What needs to be done
Nothing beyond the line containing "描述:該琴顏色較淺,面板的油" is to be printed; print exactly each line from the start of the records below through that line, leaving out pictures.

....

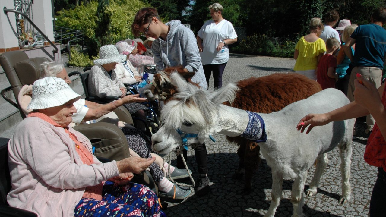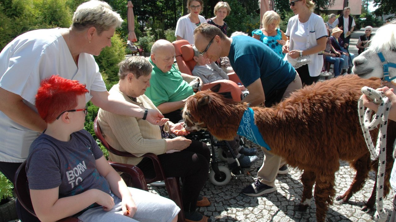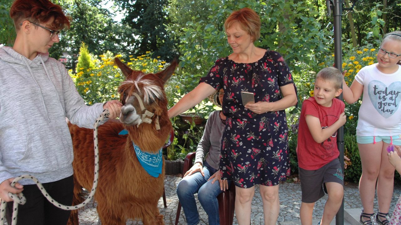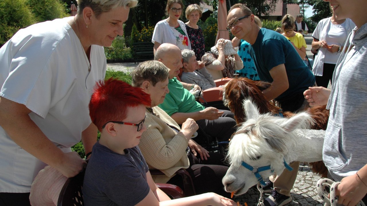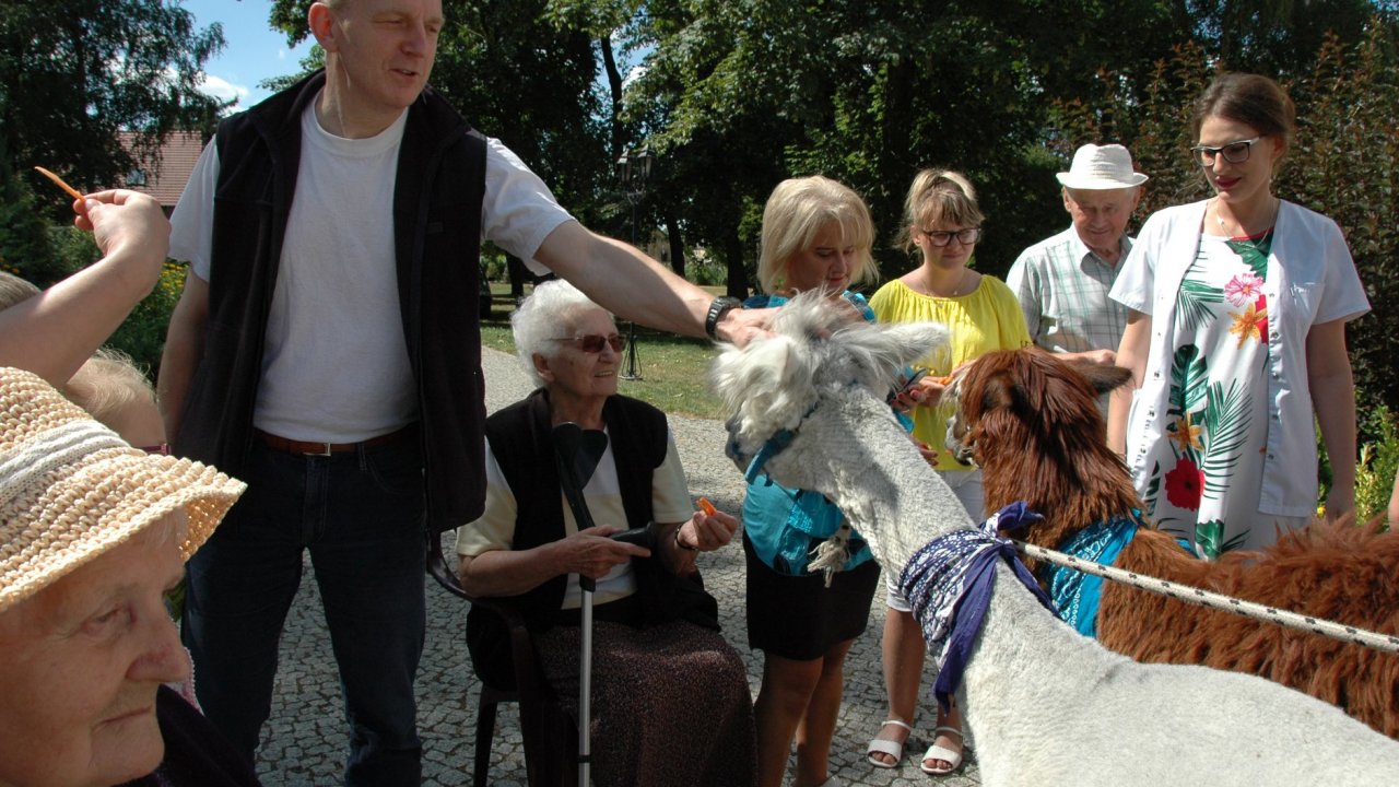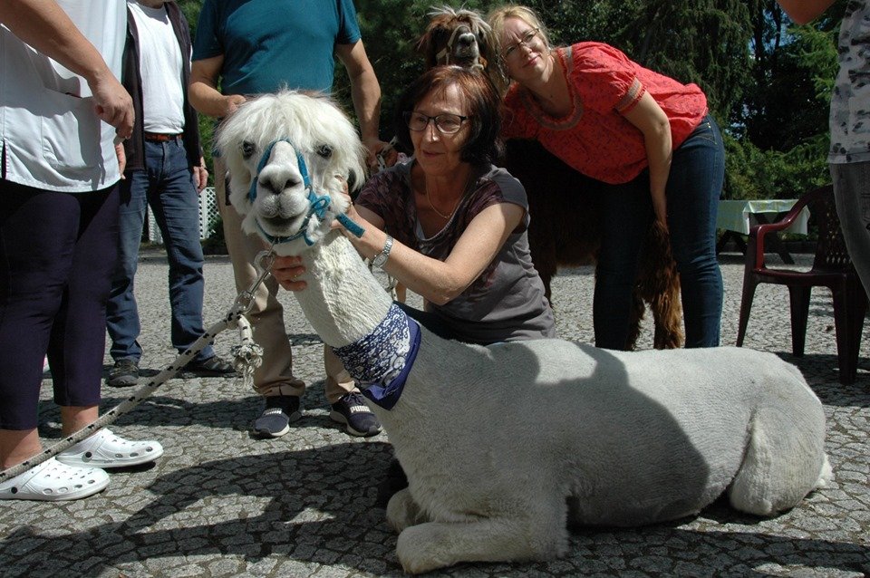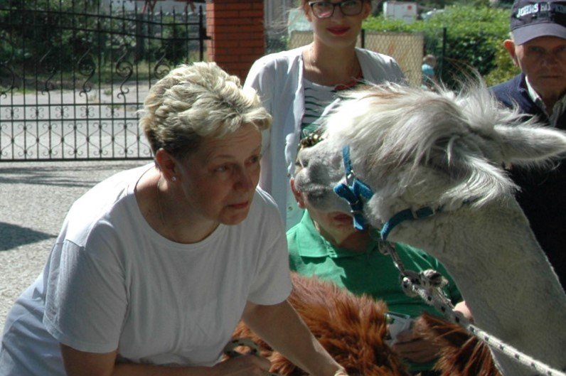 Mieliśmy dzisiaj dużo miłych wrażeń - przyjechały do nas Alpaki z ośrodka "Małe Peru" w Piotrowicach. Przecudne terapeutyczne stworzenia wyglądające jak duże maskotki. Można by o nich powiedzieć: "dłuuugie szyje do przytulania". Na początku wzbudzały trochę respektu - ale szybko podbiły serca dosłownie wszystkich. Wprawdzie nie wszyscy chcieli je nakarmić i sami zjedli marchewkę do karmienia - to się może zdarzyć tylko u nas! Największe zaskoczenie przeżyły chyba jednak osoby leżące, gdy przy swoim łóżku ujrzały takie "uśmiechnięte stwory". W każdym razie na koniec "popatrzyliśmy sobie z Alpakami w oczy" i umówiliśmy się na następne spotkanie w przyszłym roku.
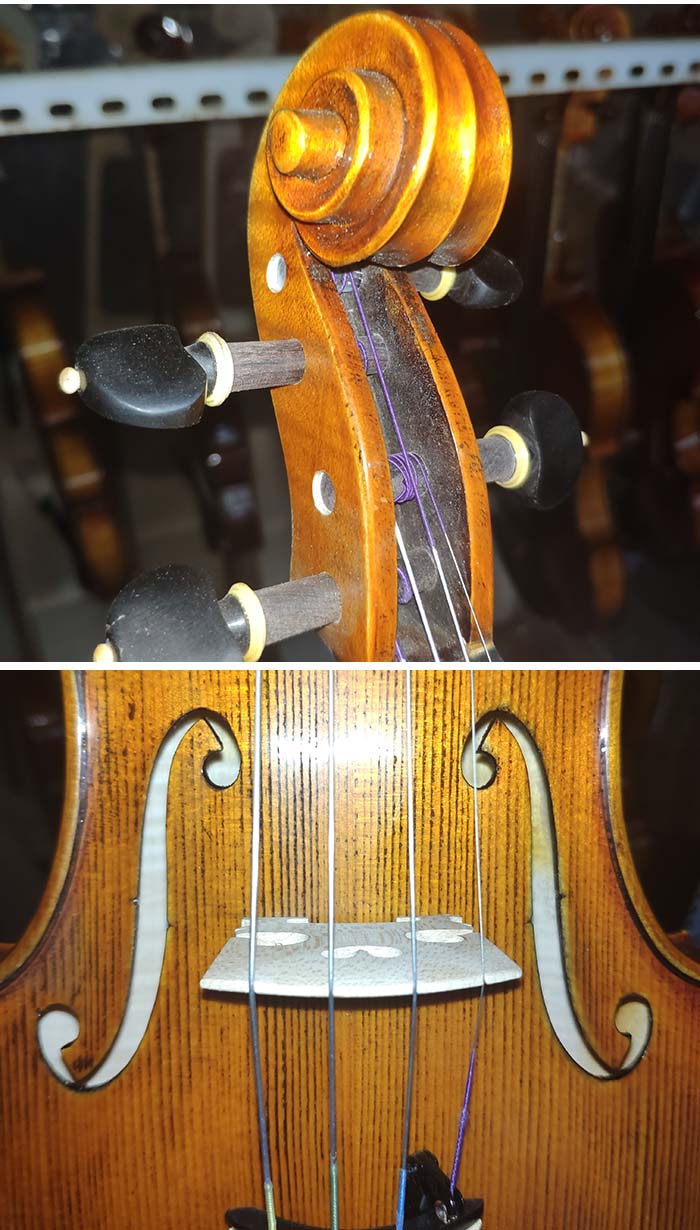 描述:該琴顏色較淺,面板的油漆是采用的仿舊工藝。透過淺色的油漆我們可以清楚的看到木材的紋路,材料上我就不多說,因為大家都可以清楚的看到。音質方面,就是一把特征明顯的歐料琴,聲音委婉而甜美,共振也相當不錯。
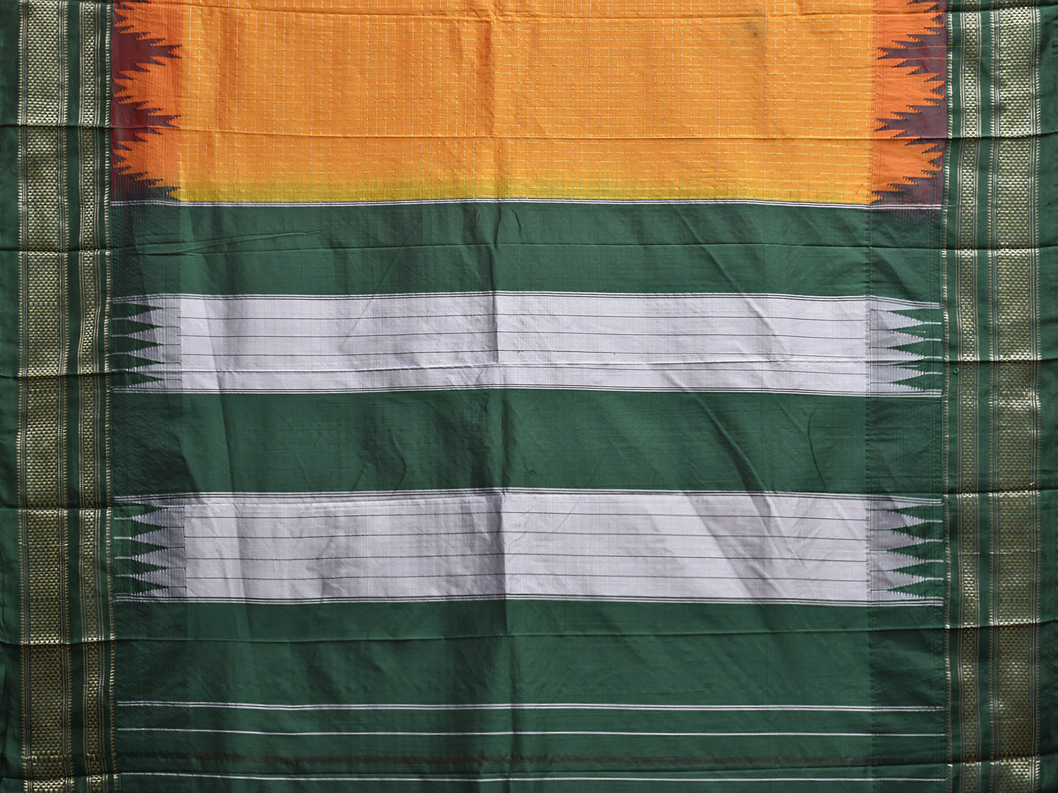 Orange and Green ilkal Viscose Saree with Checks and Big Temple Border Design. For fabric care we advise gentle handwash separately.
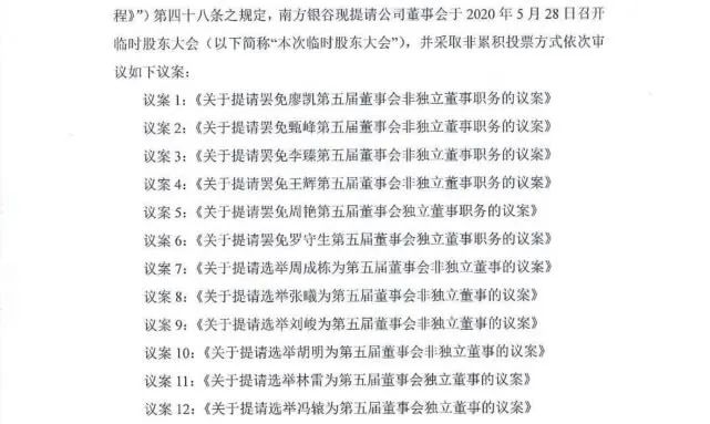 在罢免6位董事的同时,南方银谷提请选举6位新的董事,董事会席位之争显而易见。
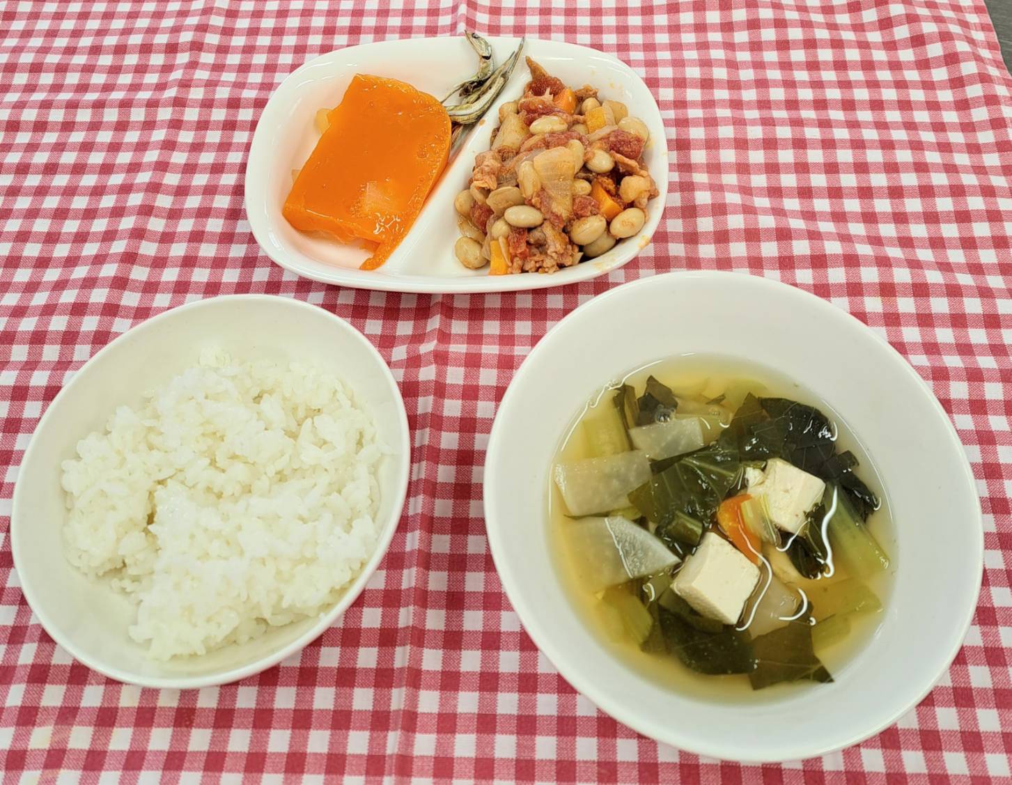 2025年11月25日(火) 幼稚園給食 NEW 手作りキャロットゼリー ・白ごはん ・ポークビーンズ ・すまし汁(かつお昆布だし) ・手作りキャロットゼリー ・いりこ キャロットゼリーは、人参ジュースとりんごジュースを混ぜて、寒天で固めて作りました。ゼリーの色は人参の色をしていますが、見た目ほど人参の味はしません。中に角切りのりんごのシラップ漬けも入っています。
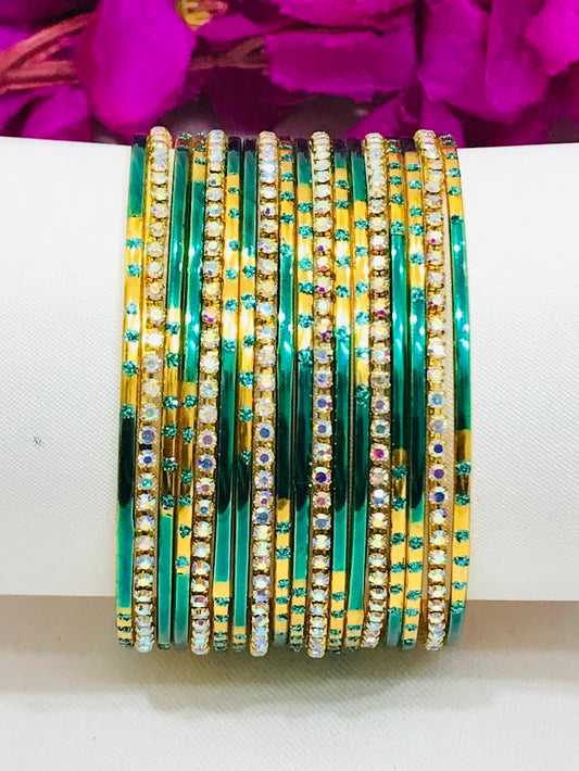 Elegant Teal Green Color Gold Plated Metal Bangles For Women
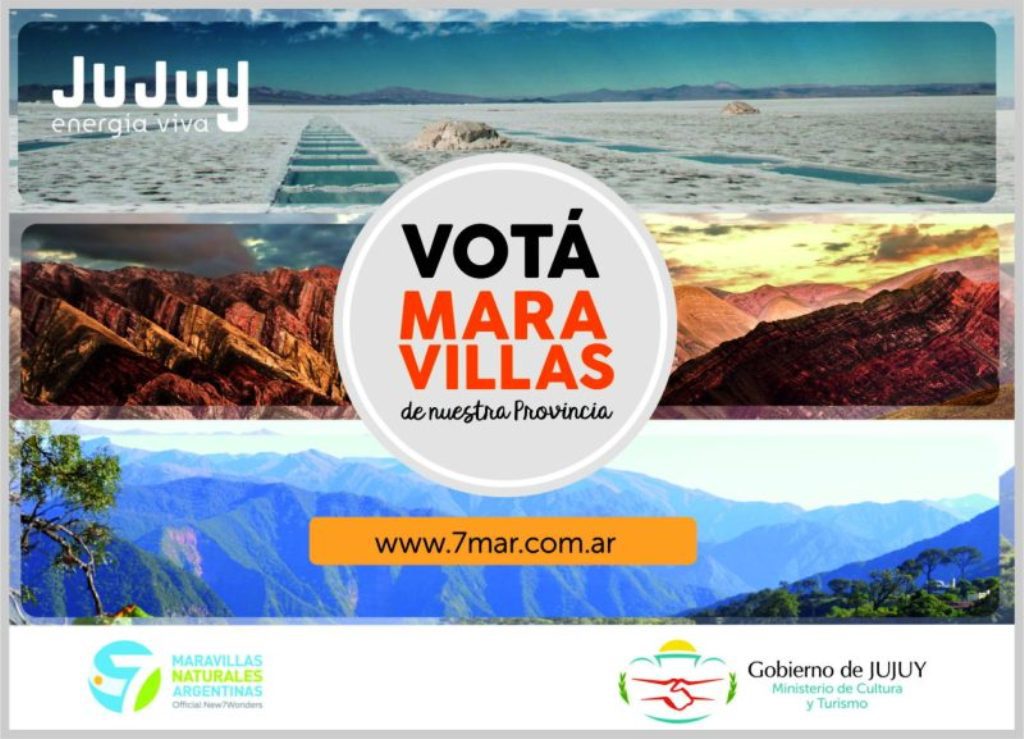 La provincia de Jujuy cuenta con 34 nominaciones en 5 de las categorías definidas en el marco de la campaña “7 Maravillas Argentinas” (www.7mar.com.ar), que organiza New 7 Wonders y que tiene como objetivo inspirar y concientizar sobre la conservación de las bellezas naturales de Argentina con carácter de excepcionales, impulsando la selección de siete íconos.
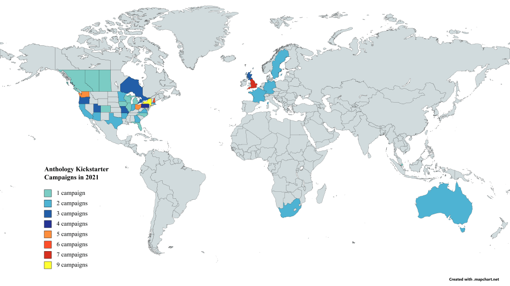 If your multi-author anthology campaign was successful in 2021, you probably launched it from the United States, and it probably fit into the genre(s) of science fiction, fantasy, or horror because these three genres accounted for 73% of such anthology campaigns.
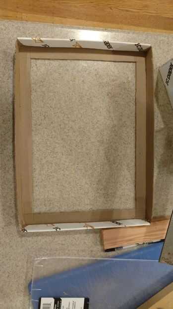 Utilice la regla o escuadra de carpintero para marcar de una pulgada (2,54 cm) en la tapa del borde. Utilice la cuchilla Xacto para cortar el interior. Terminarás con algo como esto.
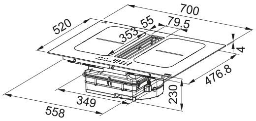 - Размеры выреза при монтаже сверху (ШхГ): 560х490 мм.
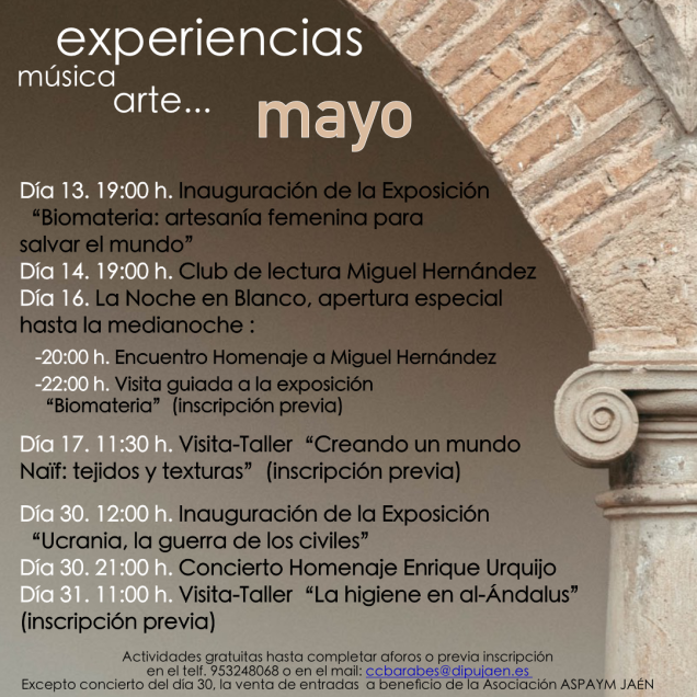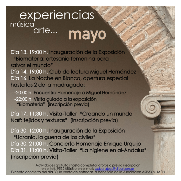 Sala de Exposiciones Temporales I; Centro Cultural Baños Árabes- Palacio de Villardompardo. Actividad gratuita previa inscripción en el telf. 953248068 o en el email: ccbarabes@dipujaen.es
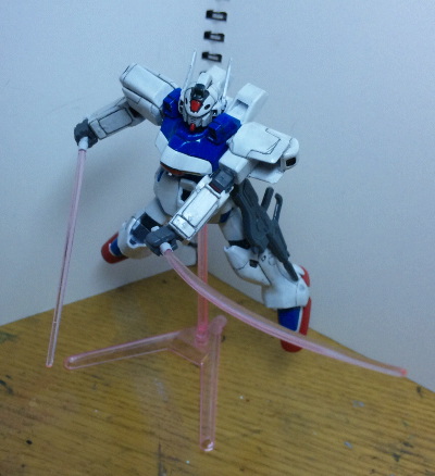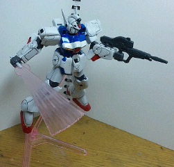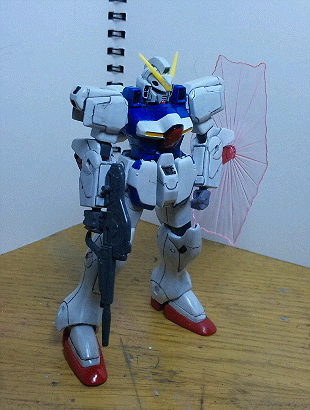 Vガンダム単体での武器はビームライフル・ビームシールド・ビームサーベル2種(ビームが真っすぐな「止めポーズ用」と大きく反った「決めポーズ用」)が付属。他にもクリアパーツのスタンド(飛行用と固定用の2種類のアームが付属)とそれに接続できる背景カード用のスタンドが付属するという豪華ぶり。というかMS本体がやたらと小型化しているので、それだけ低価格で豊富なオプションが付けれるのでしょう。あと、以前ジャンクにしたV2からハリセンサーベル(扇型のサーベル)を流用しました。

....

Task result
 Mieliśmy dzisiaj dużo miłych wrażeń - przyjechały do nas Alpaki z ośrodka "Małe Peru" w Piotrowicach. Przecudne terapeutyczne stworzenia wyglądające jak duże maskotki. Można by o nich powiedzieć: "dłuuugie szyje do przytulania". Na początku wzbudzały trochę respektu - ale szybko podbiły serca dosłownie wszystkich. Wprawdzie nie wszyscy chcieli je nakarmić i sami zjedli marchewkę do karmienia - to się może zdarzyć tylko u nas! Największe zaskoczenie przeżyły chyba jednak osoby leżące, gdy przy swoim łóżku ujrzały takie "uśmiechnięte stwory". W każdym razie na koniec "popatrzyliśmy sobie z Alpakami w oczy" i umówiliśmy się na następne spotkanie w przyszłym roku.
 描述:該琴顏色較淺,面板的油漆是采用的仿舊工藝。透過淺色的油漆我們可以清楚的看到木材的紋路,材料上我就不多說,因為大家都可以清楚的看到。音質方面,就是一把特征明顯的歐料琴,聲音委婉而甜美,共振也相當不錯。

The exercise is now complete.